### EXERCISE:
From the line that contains "O=C(Nc1ncnc2c1N=C(Br)[N]2)OC1CCCC1| HBA: |" down to the last line of the entries, repeat every line exactly. Do not carry over the pictures.

##### DATA PROVIDED

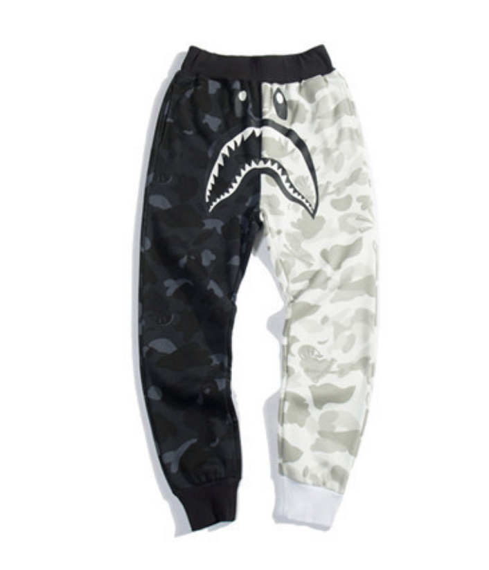 일본 트렌디 브랜드 BAPE 핫 샤크 헤드 원숭이 헤드 바지 3D 프린트 스웨트 셔츠 스웨트 팬츠 캐주얼 스포츠 바지스토어 가기
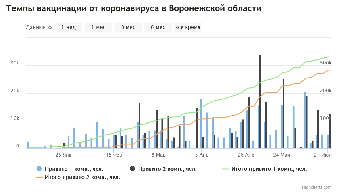 При этом в регионе от коронавируса вакцинировано почти 370 тыс. жителей, то есть 16% населения. Напомним, что минимальный план воронежских властей по вакцинации составляет хотя бы 50% - привить требуется 1 177 000 человек соответственно. Такими темпами он будет достигнут ориентировочно только через 547 дней.
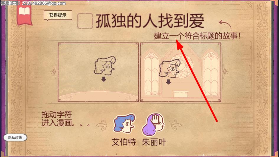 2、到“孤独的人找到爱”这类关卡时,紧扣标题,把艾伯特、朱丽叶等字符拖进漫画框,规划好人物出场顺序、所处场景,一点点搭建起故事发展的逻辑脉络。
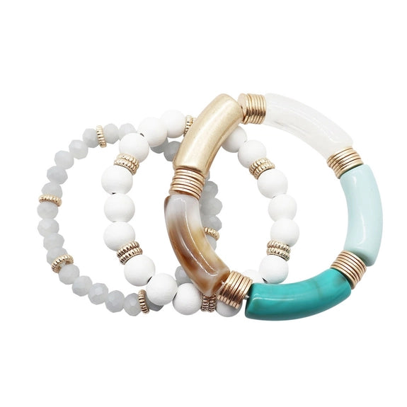 This bracelet stack will quickly become your go-to accessory, it features an eclectic mix of thin and chunky beaded bracelets with metallic accents that will perfectly pair with your favorite outfits.
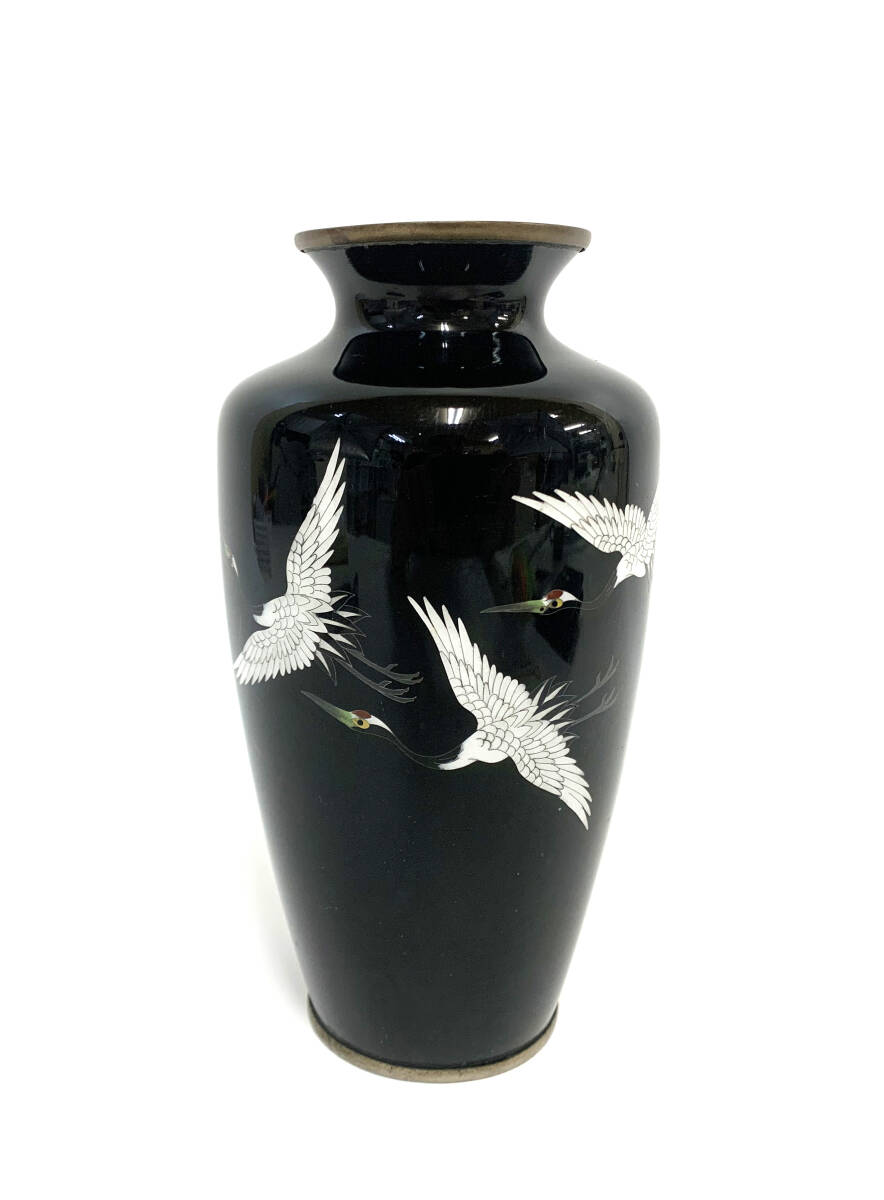 - X7★七宝花瓶 銅製 有線 飾り壺 鶴紋七宝 花器 花瓶置物 インテリア 花入 花生 壷 高さ19cm 骨董品 現状品
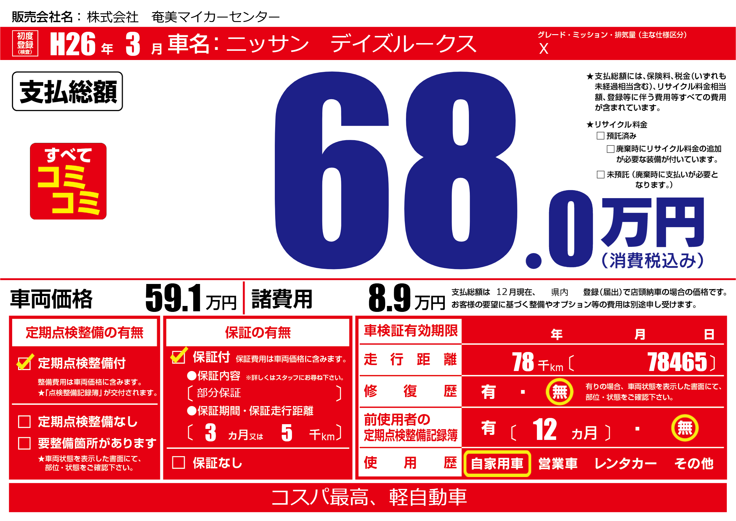 | 走行キロ | 7.8万km | 初年度登録 | H26年3月 |
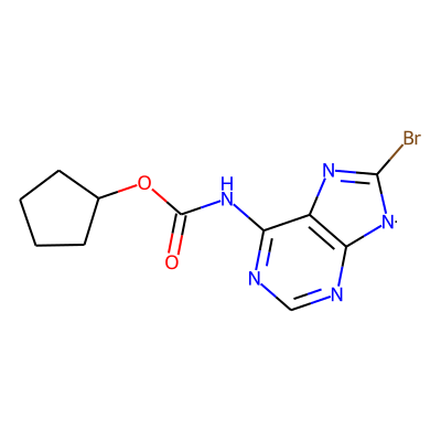 O=C(Nc1ncnc2c1N=C(Br)[N]2)OC1CCCC1| HBA: | 7 | RingCount: | 3 |
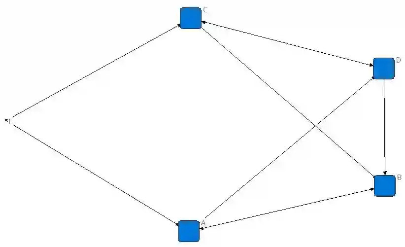 计算上图五个用户的中心度关系,可以发现A/B/C/D四个用户的局部中心度和整体中心度相等,E用户则处于边缘状态。
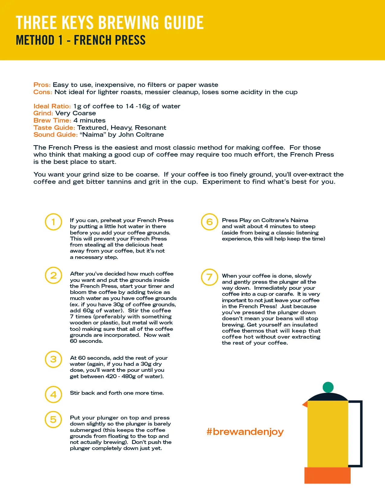 Lastly, I did some light copy work on each page based on the sound guide recommendation for each brewing method, which was a really fun way to give the assets some of that vibrant Three Keys personality and flair. The combination of the copy with the illustrations brings some levity and brightness to the page, reminding you that it’s all about having fun and vibing off the flavors and notes. Time to press play and brew!
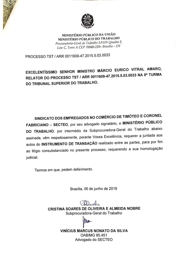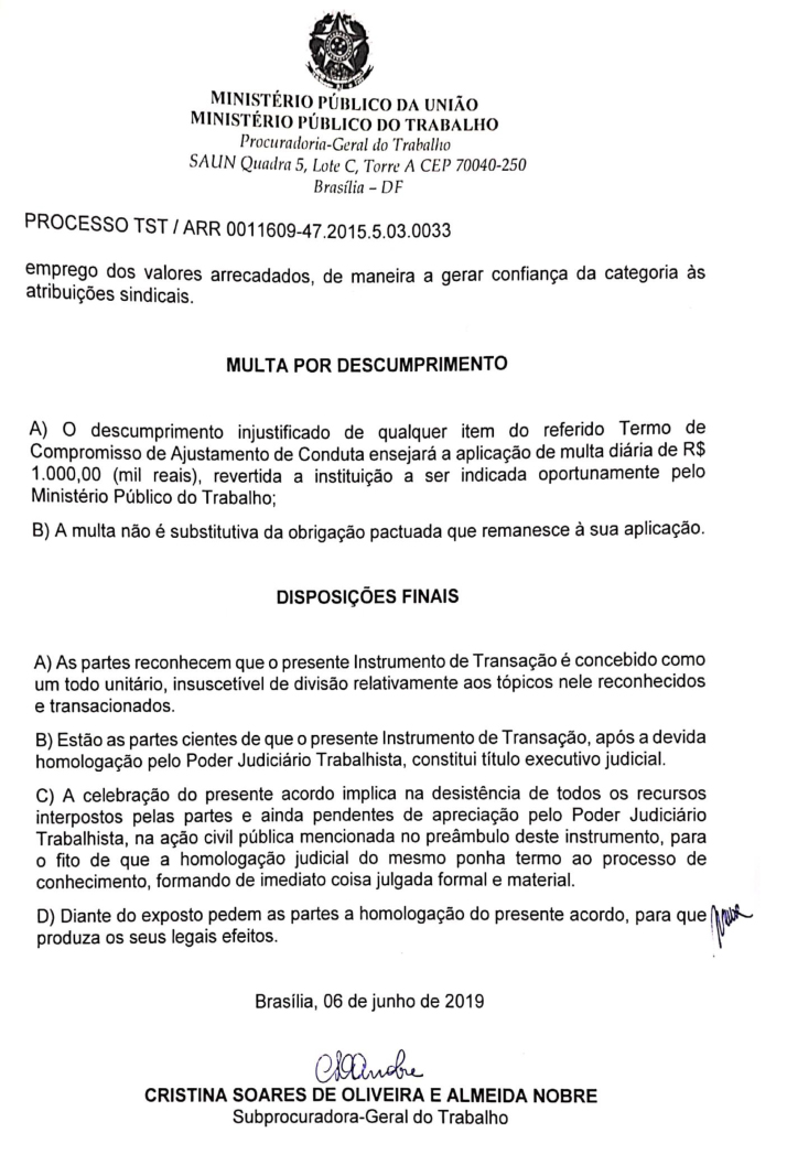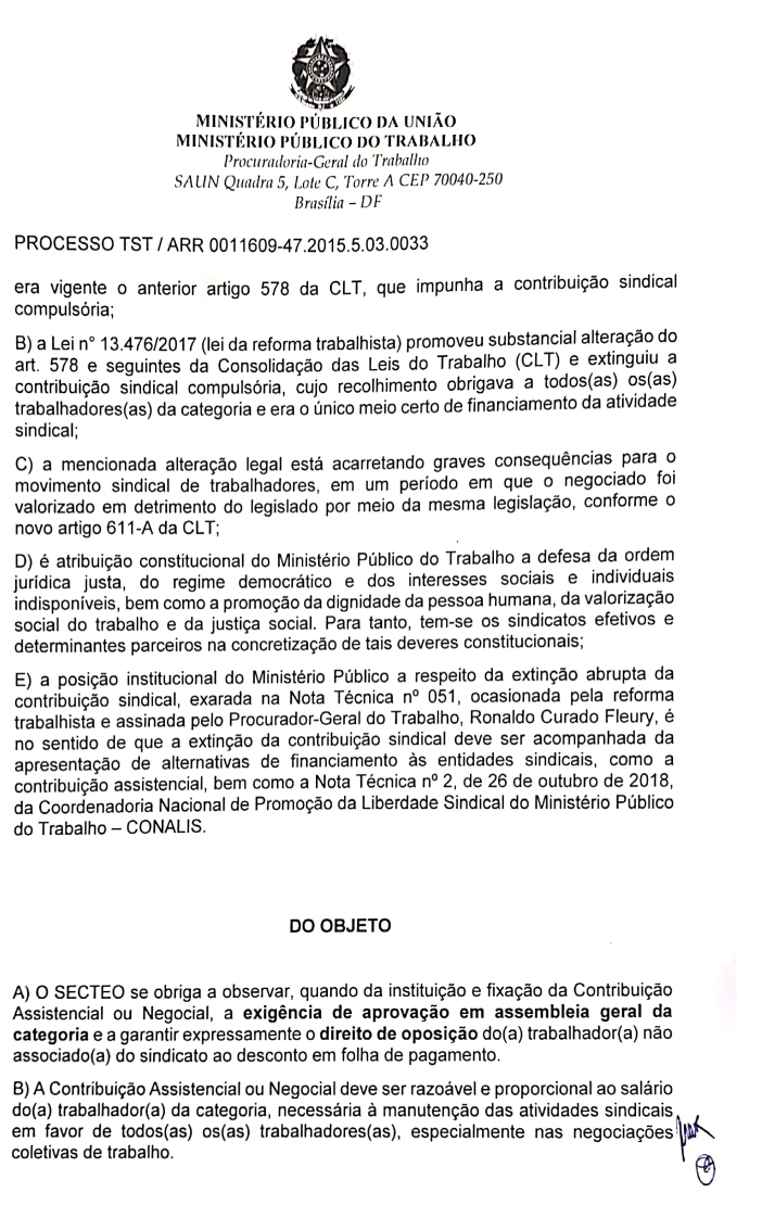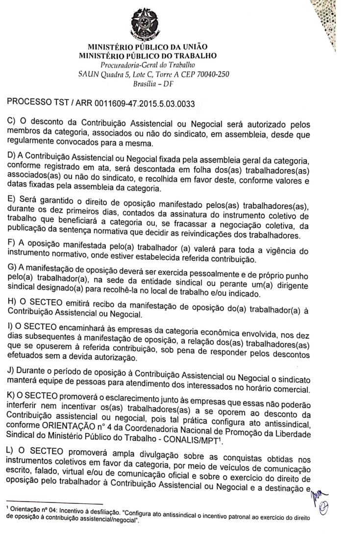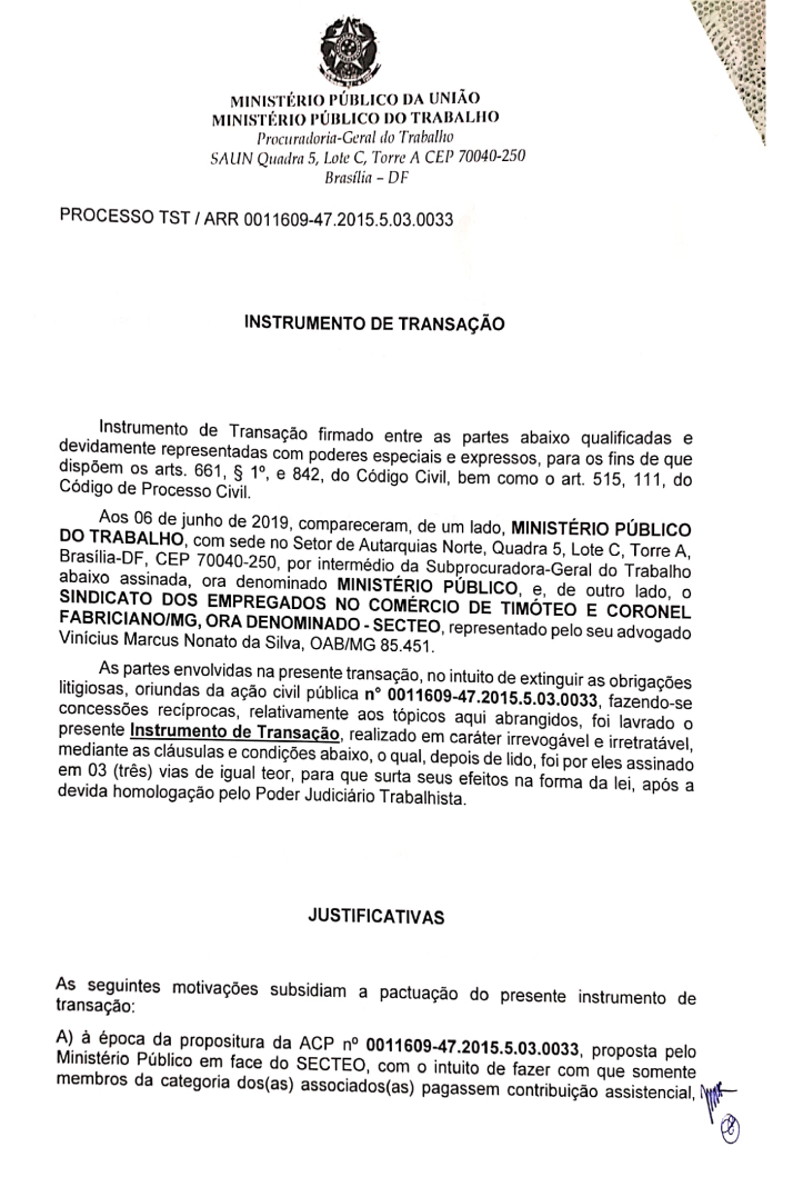 TST HOMOLOGA ACORDO QUE POSSIBILITA DESCONTO DE CONTRIBUIÇÃO AO SECTEO-CF
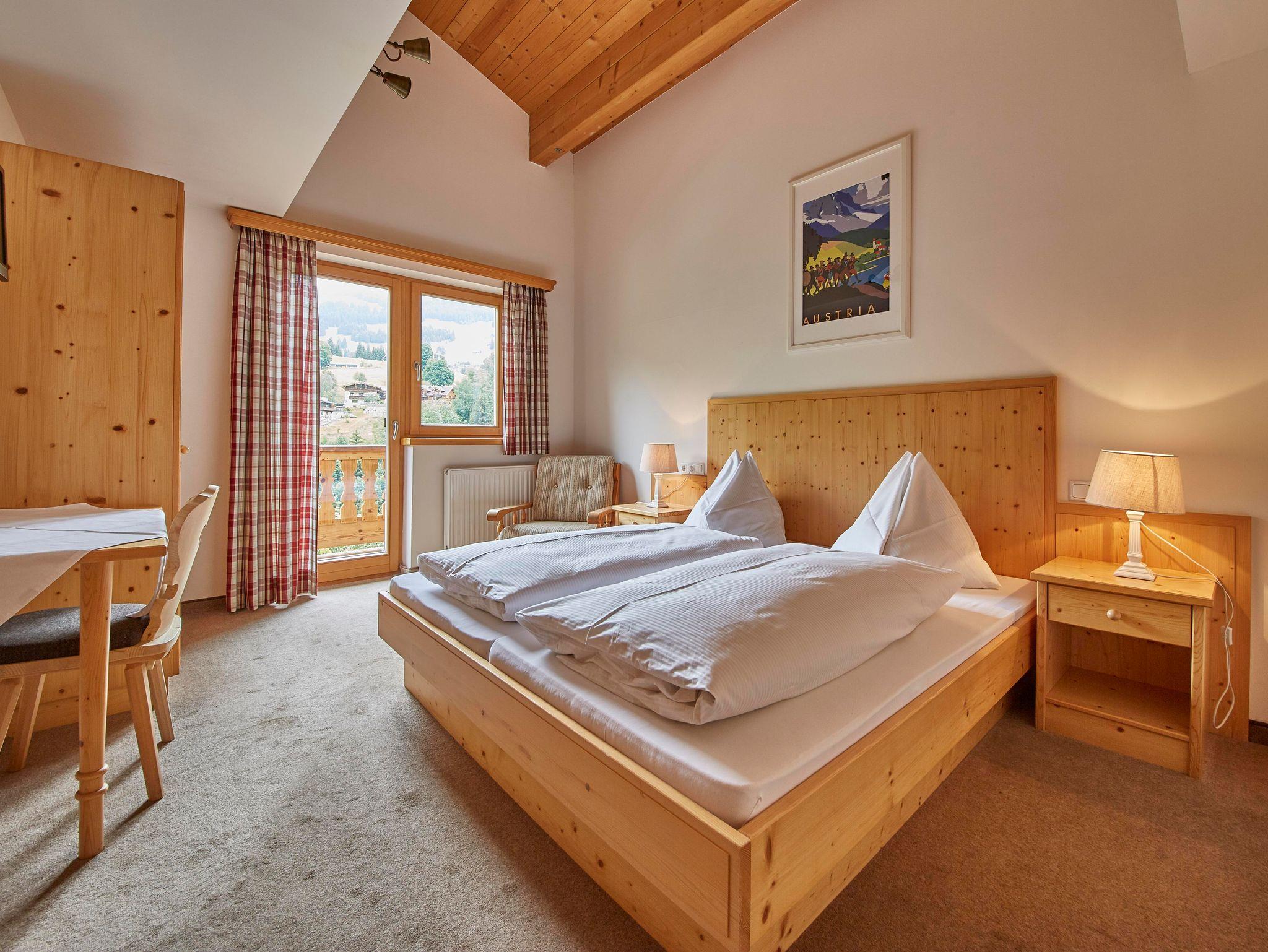 Unsere Frühstückspension offeriert insgesamt 10 Doppelzimmer, 2 Einzelzimmer, 1 Vierbettzimmer und 1 Dreibettzimmer. Alle Räumlichkeiten sind vollständig renoviert und mit Bad und WC ausgestattet. Die Balkone sind nach Süden oder Norden gerichtet und bieten einen herrlichen Ausblick auf Schattberg oder Bernkogel sowie die umliegenden Almwiesen. Durch ruhige Lage ist ein erholsamer Schlaf garantiert. Das komfortable Urlaubspaket wird durch die Holzsauna und kostenloses WLAN im jedem Raum abgerundet.

##########

### RESULT:
 O=C(Nc1ncnc2c1N=C(Br)[N]2)OC1CCCC1| HBA: | 7 | RingCount: | 3 |
 计算上图五个用户的中心度关系,可以发现A/B/C/D四个用户的局部中心度和整体中心度相等,E用户则处于边缘状态。
 Lastly, I did some light copy work on each page based on the sound guide recommendation for each brewing method, which was a really fun way to give the assets some of that vibrant Three Keys personality and flair. The combination of the copy with the illustrations brings some levity and brightness to the page, reminding you that it’s all about having fun and vibing off the flavors and notes. Time to press play and brew!
 TST HOMOLOGA ACORDO QUE POSSIBILITA DESCONTO DE CONTRIBUIÇÃO AO SECTEO-CF
 Unsere Frühstückspension offeriert insgesamt 10 Doppelzimmer, 2 Einzelzimmer, 1 Vierbettzimmer und 1 Dreibettzimmer. Alle Räumlichkeiten sind vollständig renoviert und mit Bad und WC ausgestattet. Die Balkone sind nach Süden oder Norden gerichtet und bieten einen herrlichen Ausblick auf Schattberg oder Bernkogel sowie die umliegenden Almwiesen. Durch ruhige Lage ist ein erholsamer Schlaf garantiert. Das komfortable Urlaubspaket wird durch die Holzsauna und kostenloses WLAN im jedem Raum abgerundet.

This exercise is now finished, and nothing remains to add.